Provided entries:
-*-*-
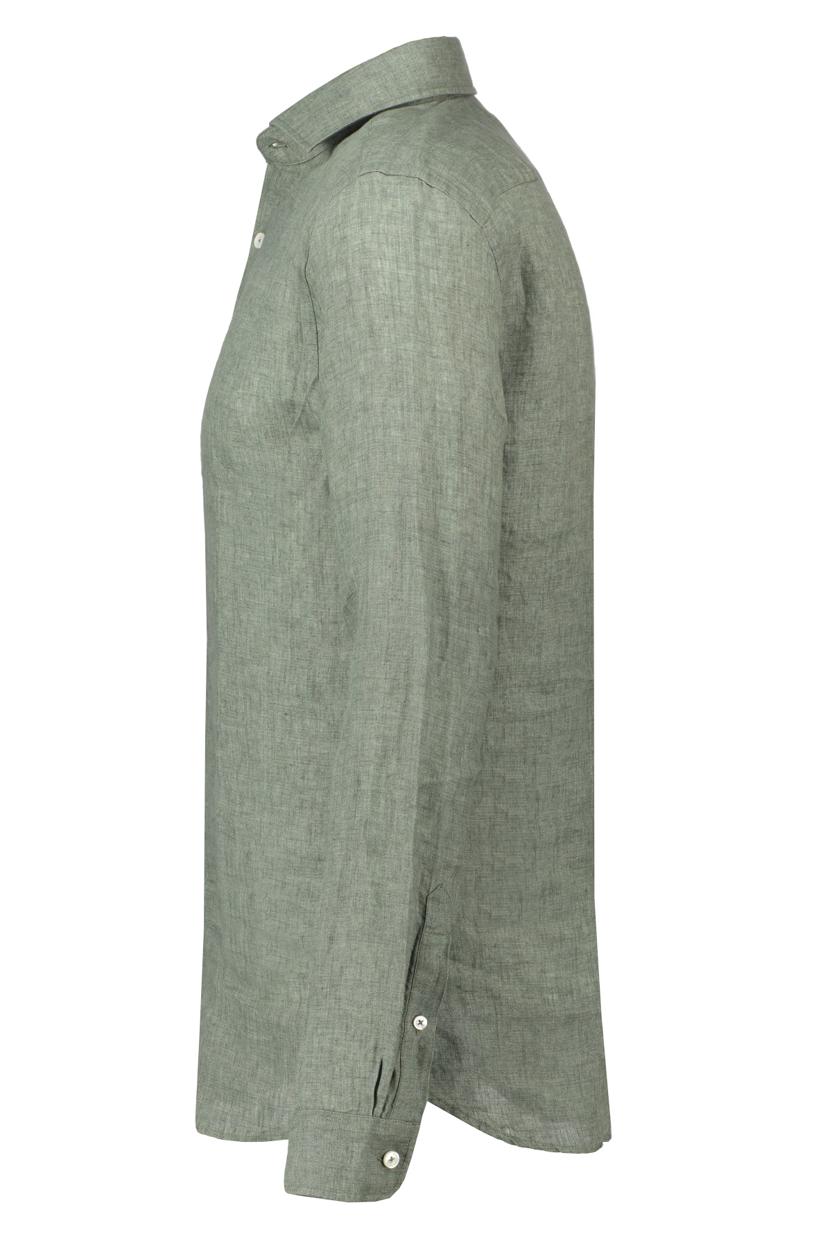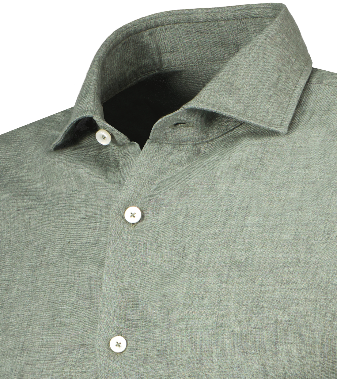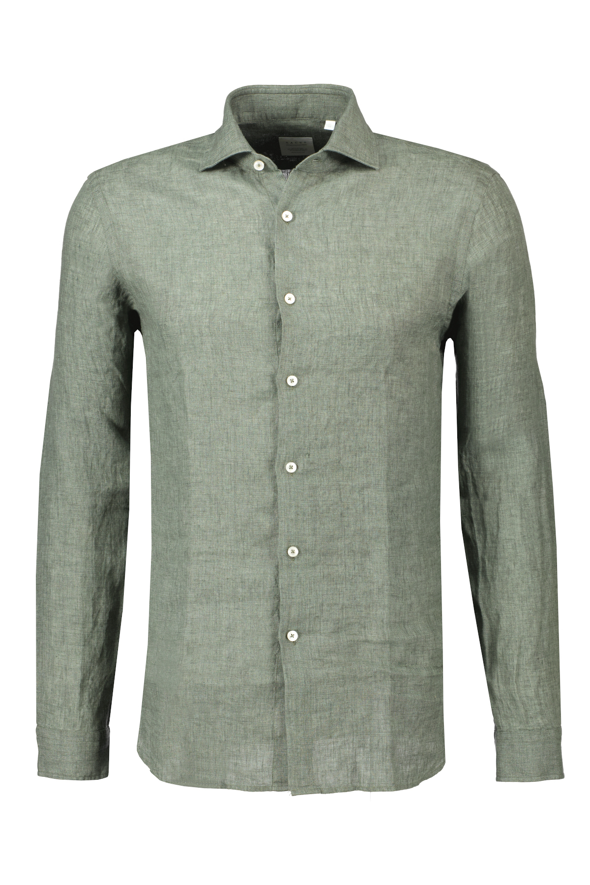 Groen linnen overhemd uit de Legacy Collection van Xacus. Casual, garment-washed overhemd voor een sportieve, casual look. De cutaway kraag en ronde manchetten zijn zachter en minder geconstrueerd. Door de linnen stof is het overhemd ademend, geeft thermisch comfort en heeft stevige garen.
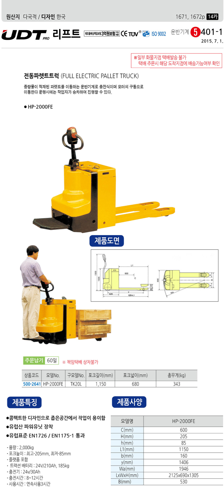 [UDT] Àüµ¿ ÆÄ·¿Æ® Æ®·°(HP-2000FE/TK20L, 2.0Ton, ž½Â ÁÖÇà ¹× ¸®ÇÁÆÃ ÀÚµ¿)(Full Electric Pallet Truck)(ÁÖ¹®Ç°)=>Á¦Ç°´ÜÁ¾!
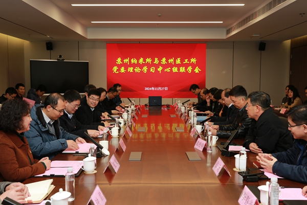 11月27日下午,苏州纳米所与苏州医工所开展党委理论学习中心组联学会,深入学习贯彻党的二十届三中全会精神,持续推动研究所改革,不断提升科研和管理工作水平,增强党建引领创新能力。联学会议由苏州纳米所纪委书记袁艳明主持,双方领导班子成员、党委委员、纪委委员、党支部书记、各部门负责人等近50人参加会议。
-*-*-
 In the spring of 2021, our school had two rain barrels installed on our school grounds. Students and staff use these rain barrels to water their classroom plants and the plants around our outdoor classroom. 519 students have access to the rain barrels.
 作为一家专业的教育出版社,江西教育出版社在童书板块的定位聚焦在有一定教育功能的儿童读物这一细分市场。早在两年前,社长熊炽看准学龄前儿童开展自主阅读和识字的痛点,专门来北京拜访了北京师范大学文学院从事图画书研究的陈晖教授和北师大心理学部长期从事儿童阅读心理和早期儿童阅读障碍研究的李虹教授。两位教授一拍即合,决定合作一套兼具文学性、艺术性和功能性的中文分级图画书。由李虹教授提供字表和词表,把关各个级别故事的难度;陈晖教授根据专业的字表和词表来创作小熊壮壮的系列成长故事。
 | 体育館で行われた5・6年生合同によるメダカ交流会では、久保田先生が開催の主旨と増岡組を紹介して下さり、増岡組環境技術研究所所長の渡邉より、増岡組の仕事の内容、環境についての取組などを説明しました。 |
-*-*-
How to complete this task: What you return from the records above should be exactly everything from the line with "Groen linnen overhemd" down to the line with "11月27日下午,苏州纳米所", both kept, and no pictures.

Response to the task:
 Groen linnen overhemd uit de Legacy Collection van Xacus. Casual, garment-washed overhemd voor een sportieve, casual look. De cutaway kraag en ronde manchetten zijn zachter en minder geconstrueerd. Door de linnen stof is het overhemd ademend, geeft thermisch comfort en heeft stevige garen.
 [UDT] Àüµ¿ ÆÄ·¿Æ® Æ®·°(HP-2000FE/TK20L, 2.0Ton, ž½Â ÁÖÇà ¹× ¸®ÇÁÆÃ ÀÚµ¿)(Full Electric Pallet Truck)(ÁÖ¹®Ç°)=>Á¦Ç°´ÜÁ¾!
 11月27日下午,苏州纳米所与苏州医工所开展党委理论学习中心组联学会,深入学习贯彻党的二十届三中全会精神,持续推动研究所改革,不断提升科研和管理工作水平,增强党建引领创新能力。联学会议由苏州纳米所纪委书记袁艳明主持,双方领导班子成员、党委委员、纪委委员、党支部书记、各部门负责人等近50人参加会议。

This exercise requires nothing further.